Dilema PDIP, Antara Ganjar dan Puan

Pemilihan Presiden (Pilpres) tahun 2024 yang semakin dekat membuat beberapa nama calon presiden potensial mencuat beserta dukungan dari partai politik. Sebut saja Prabowo Subianto, Ketua Umum Partai Gerindra yang mendeklarasikan diri untuk maju sebagai calon presiden di Pemilu 2024 dalam Rapat Pimpinan Nasional (Rapimnas) Partai Gerindra pada 12 Agustus 2022. Selain itu, ada pula nama Anies Baswedan yang dideklarasikan oleh Partai Nasdem sebagai calon presiden tahun 2024 pada 3 Oktober 2022.
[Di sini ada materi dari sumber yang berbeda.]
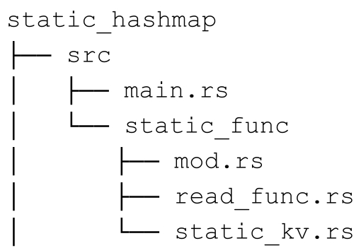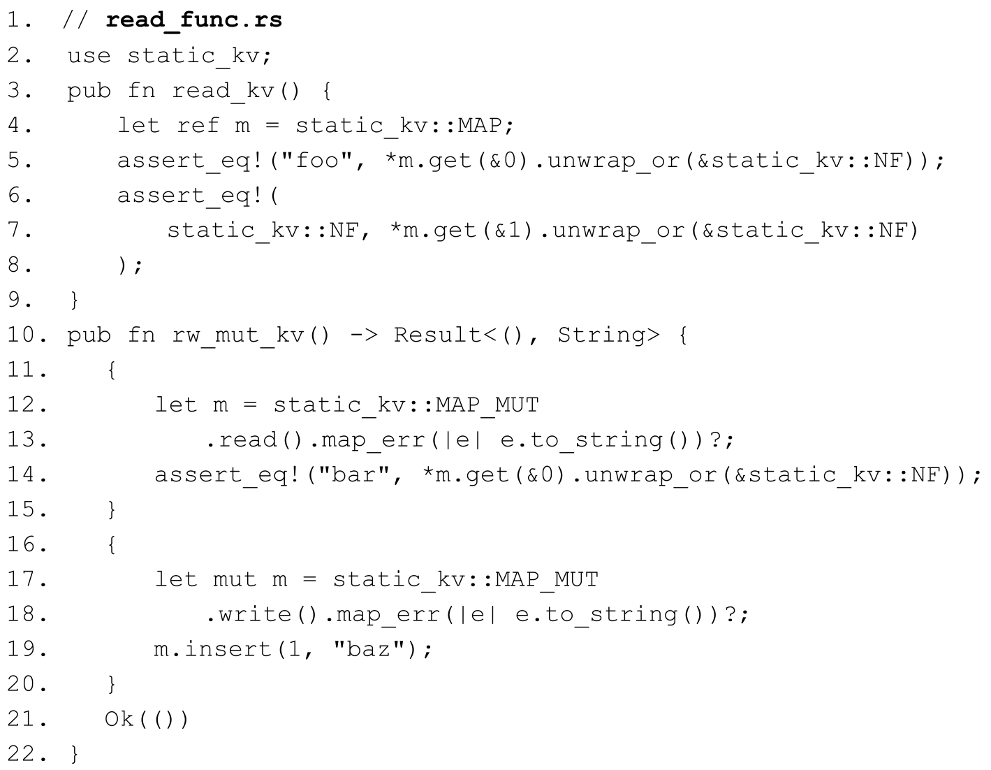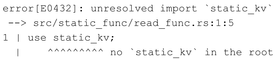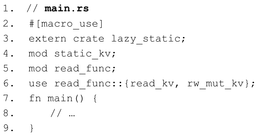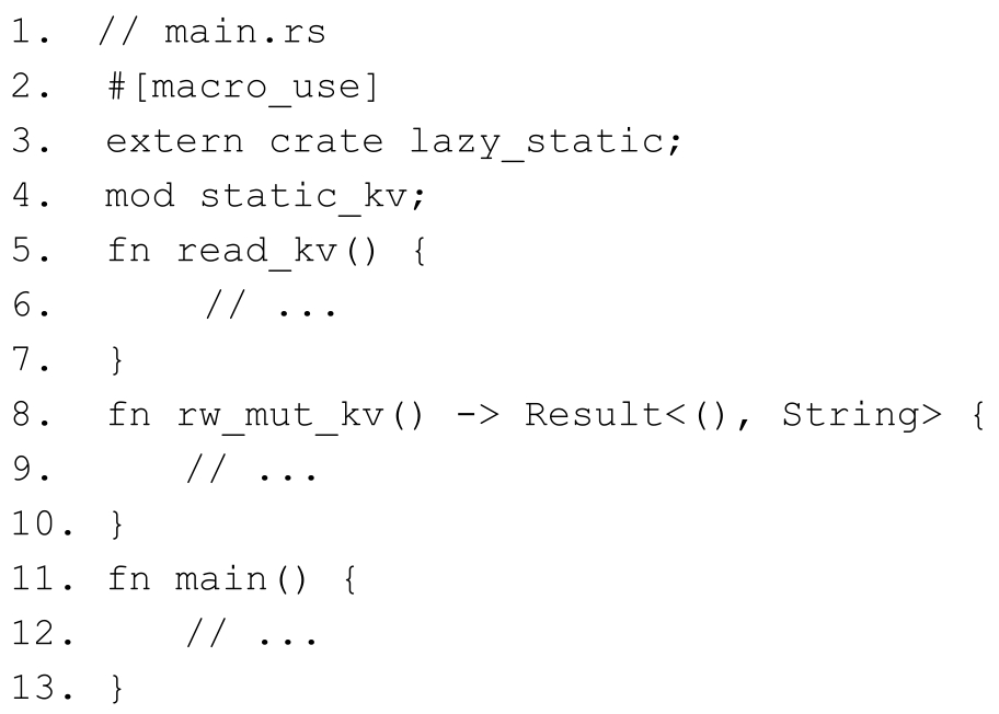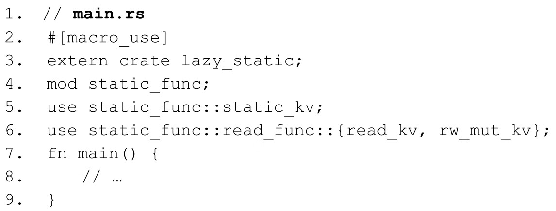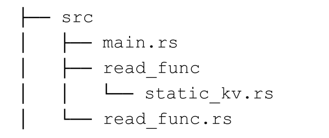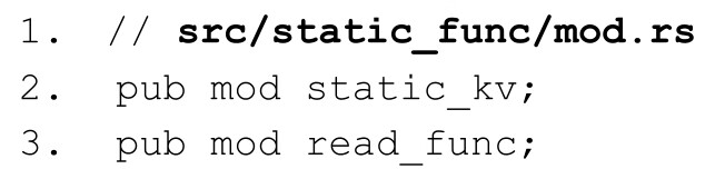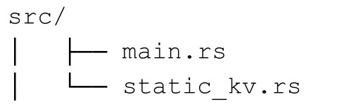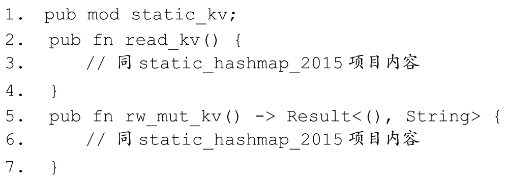 代码第2~19行,使用mod关键字定义了static_kv模块。模块是Rust模块化编程的基础,其作用域是独立的、封闭的,在static_kv中定义的常量或方法默认是私有的。所以,想要在模块外调用模块中的常量或方法,就必须通过pub关键字将可见性改为公开的。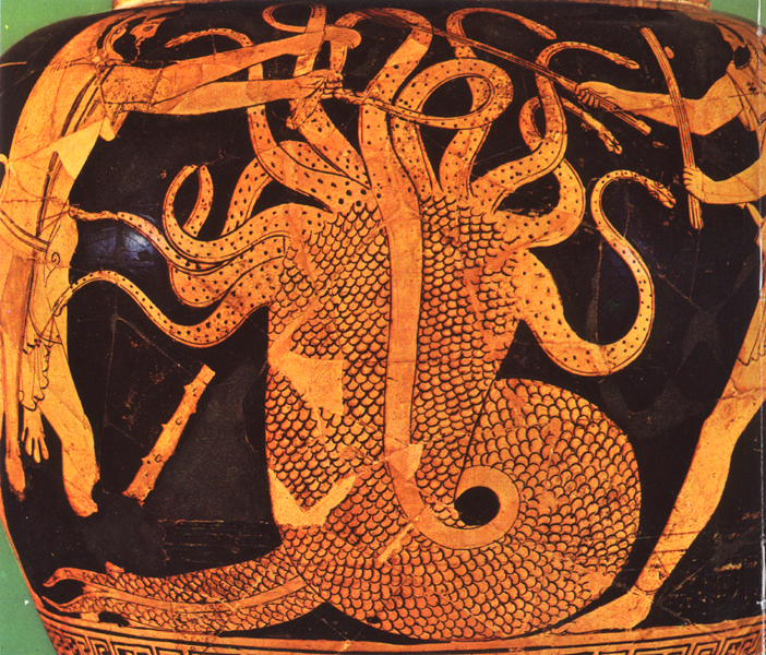 Detail from an Athenian red-figure clay vase, about 450-500 BC. Palermo. Regional Archaeological Museum V763.Herakles attacking Hydra. Cretan coin. <i>Obv. c.</i> 352 BC. ParisA snake-like monster, living at Lerna in the Argolid, with numerous heads, which Herakles had to destroy as his Second Labour. As fast as the hero cut off one head, another (or two more) grew up in its place. Herakles therefore enlisted the aid of his companion and charioteer Iolaos, who used firebrands to cauterise each stump severed by Herakles, until eventually the monster was slain. In later classical art the creature is given a human head. Its blood was poisonous and Herakles kept some to tip his arrows; in early scenes Athena is shown holding a small flask for it.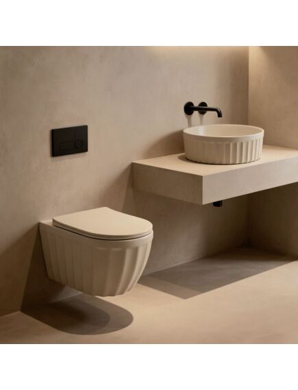 | Stwórz w swojej łazience atmosferę ciepła i przytulnego luksusu, wybierając nasz Zestaw Misa WC Duo + Umywalka nablatowa Rea Duo Caffe Latte Matt. To propozycja dla osób, które szukają alternatywy dla klasycznej bieli i pragną wnętrza utrzymanego w modnych barwach ziemi. Połączenie subtelnego beżu z nowoczesną formą sprawia, że ten komplet ceramiki staje się nie tylko elementem wyposażenia, ale prawdziwą dekoracją przestrzeni kąpielowej.Nasz zestaw ceramiki w odcieniu Caffe Latte oferuje szeroką gamę korzyści:Odcień Caffe Latte Matt – ciepły, beżowy kolor wprowadza harmonię i doskonale komponuje się z drewnem, kamieniem czy złotą armaturą.Ryflowana struktura – pionowe żłobienia nadają ceramice unikalnego charakteru i trójwymiarowej głębi.Wysokogatunkowa ceramika sanitarna – materiał odporny na odbarwienia i zarysowania, zapewniający nienaganny wygląd przez lata.Misa wisząca – nowoczesny sposób montażu ułatwia utrzymanie czystości podłogi i optycznie powiększa łazienkę.Umywalka nablatowa – elegancka i funkcjonalna, pozwala na wygodne zagospodarowanie blatu.Deska wolnoopadająca w zestawie – gwarantuje ciche zamykanie i bezpieczeństwo, podnosząc komfort codziennego użytkowania.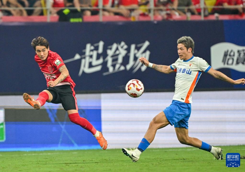 8月2日,成都蓉城隊球員韋世豪(左)在比賽中射門。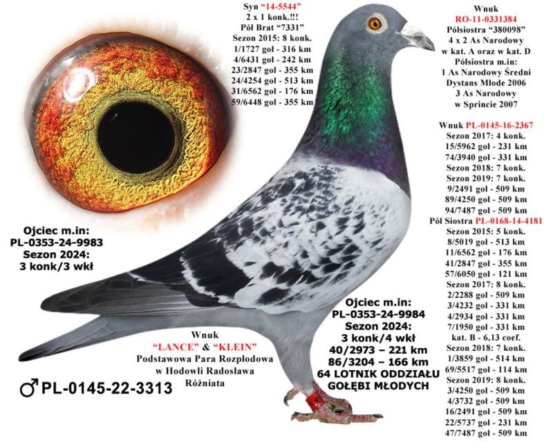PL-013-25-5440 Podwójny wnuk Cracka 19 x wnuczka 9 Asa Holandii NL.21.737 w 2022r. Matka jest prawnuczką Goed Grijs 7x1 A. & B. Leideman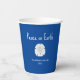 Christmas Party Beach Peace on Earth Holiday blue party paper cup, with a sand dollar and blue typography design. With customizable lettering, you can add your own text. A simple way to add a touch of the ocean to your holiday celebration.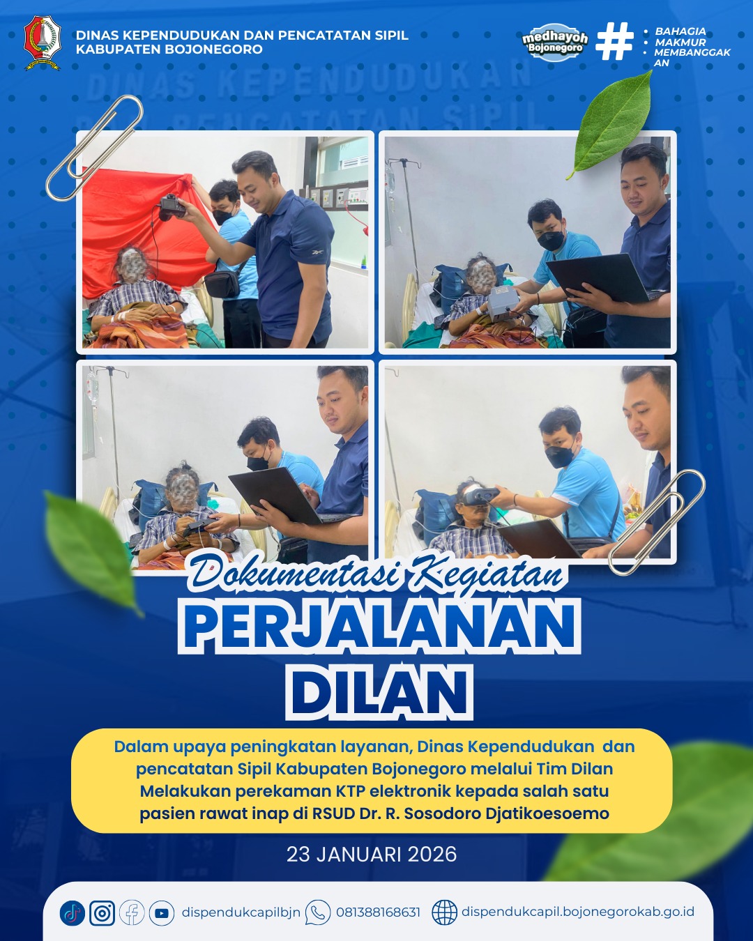 Dinas Kependudukan dan Pencatatan Sipil (Dukcapil) Kabupaten Bojonegoro terus berkomitmen menghadirkan pelayanan administrasi kependudukan yang inklusif dan menjangkau seluruh lapisan masyarakat. Salah satunya melalui kegiatan perekaman KTP-el bagi pasien yang sedang menjalani perawatan di RSUD Dr. R. Sosodoro Djatikoesoemo.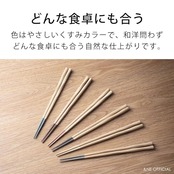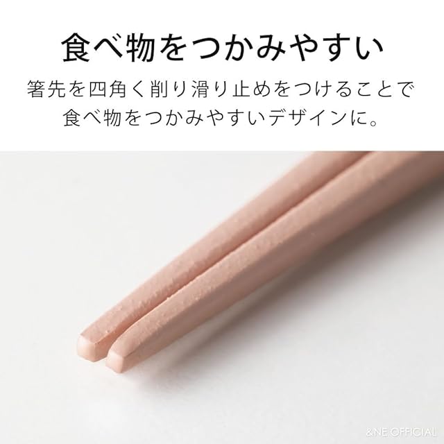 ゆるやかな曲線が手になじみ、箸先は四角く削り滑り止めをつけることで食べ物をつかみやすいデザインに。

Dukungan dari partai politik terhadap calon presiden tersebut memang dibutuhkan, mengingat adanya aturan pada Pasal 222 Undang-Undang Nomor 7 tahun 2017 tentang Pemilihan Umum (UU Pemilu) yang menyebutkan bahwa pasangan calon presiden dan wakil presiden diusulkan oleh partai politik atau gabungan partai politik peserta pemilu yang memenuhi persyaratan perolehan kursi paling sedikit 20 persen dari jumlah kursi Dewan Perwakilan Rakyat Republik Indonesia (DPR RI) atau memperoleh 25 persen  dari suara sah secara nasional pada pemilu legislatif sebelumnya. Artinya, partai politik menjadi gatekeeper dalam pencalonan presiden sehingga dapat dikatakan sebagai pihak yang paling berperan.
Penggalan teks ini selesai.